There seems to be some desire to not have the only decent class to be Mistborn. Fair enough, I wholeheartedly agree having one class that can do everything WILL break a game.

Before I heard there was a game being worked on for Mistborn, I was nutting out my own system (lots of free time). Sort of classless, what you did/were good at was determined by the allocation of skill "points". So if you wanted to play a more diplomatic, court-oriented character, you would allocate them appropriately. The Allomancy abilities worked much the same, with abilities dependent on how many points you had in it, to represent time training.

That seems to be a good idea, keeps everyone sort of balanced, at least as far as I have thought it through.

Inquisitors as playable characters would be interesting, although I'm not sure how you could manage that.
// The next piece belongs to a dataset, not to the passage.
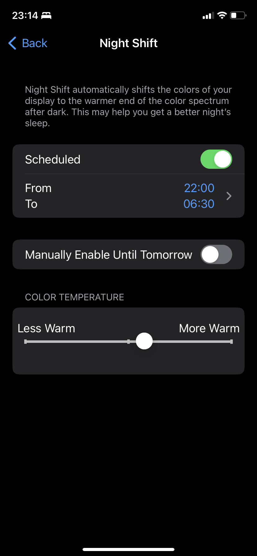 然后,"Manually Enable Until Tomorrow" 这个选项是一个手动控制 "Night Shift" 的开关。当你打开这个选项时,"Night Shift" 将被立即开启,并且会持续到次日早晨。这是一种快捷方式,让你能够在需要的时候立即打开 "Night Shift",而不必等待它在预定的时间自动打开。
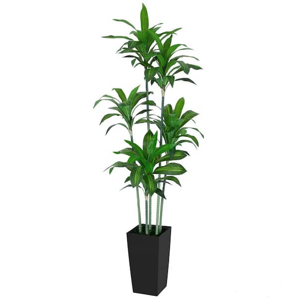 6 ft. Artificial Trees, Artificial Dracaena Trees with Black Planter, Tall Faux Tree in Black Tall Planter

If the game is set during the Lord Ruler, then they are fanatically devoted to him (mostly, anyway). If after the Collapse, then they, well, they're not playable for other reasons. (still trying to work out the Spoiler bit, sorry).

Primarily I'd like to see playing non-Allomancers/Feruchemists/(Hemalrgist?) be workable. I think there is a kind of nobility in doing what you can, even if you don't have special, funky powers. Also, I'd like the idea of gaining Allomantic metals explored more fully, it never really goes into that in the books, the vials are always sort of just on hand. That's more of a story thing, though.